Introduction:
Writes Bryan Adams in the liner notes of this 2014 album: "Perhaps you're wondering who this guy on the cover is, who seems to have just stumbled out from the road crew and techs of Deep Purple, but I swear it's me, and all that hair is mine... I'm about sixteen years old and I'm at home in Vancouver, Canada... I loved music with great big guitars intensely, and at that time, people like Led Zeppelin and Deep Purple were constantly on the radio, so hard rock grabbed me, and I was hooked. It was a fantastic time for the guitar: Blackmore, Page, Clapton, Ronson, Townshend... Back then, I was practicing at home with Bad Company songs and having fun with Alice Cooper, Who, Janis Joplin... even Stevie Wonder, who was the first I saw in concert in Vancouver in '75..."
Context:
Very well, then why in a work entitled "The Tracks of My Years" by this rocker are there sixteen covers from great artists like Bob Dylan, Beatles, Chuck Berry, Miracles, Beach Boys, Creedence, Eddie Cochran, Kris Kristofferson, Jimmy Cliff, Willie Dixon, Don Gibson, etc., which mostly features music from the sixties, when Adams, born in '59, was just a kid?

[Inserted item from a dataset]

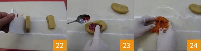 While the frosting dries, make the sugarpaste carrots. Divide the marzipan into 2 parts 22, one of 50 g and one of 20 g. Take the larger part and color it by adding a drop of yellow and a drop of red color 23. By kneading with your hands (use gloves to prevent staining) you will get a lively orange color 34.

The reason is clear and unpleasant: Bryan has placed himself in the hands of the producer (also Canadian) David Foster, a skilled and prepared musician but anything but a rocker and, above all, a terrible manipulator of others' talent.
Already responsible, for example, more than thirty years ago, for the lifelong ruination of Chicago, who went from a multifaceted and surprising group with its three singers and four composers, to a backing band for their bassist Peter Cetera, flattered and convinced by the producer to sing his compositions, while the others were sidelined, and the horn section, which Foster didn't like, was silenced, convincing everyone that such a revolution was advantageous for each of them because with the poppish songs interpreted by Cetera, mountains of records would be sold, with a consequent overall surge in bank accounts.
Strengths and Weaknesses:
The much-loved hard rock is conspicuous by its total absence in this phony celebration of youth. And Bryan candidly admits it in the aforementioned liner notes, stating that some of these songs weren't even on his radar, and the person next to him in this venture made him sing them. So screw you, Bryan!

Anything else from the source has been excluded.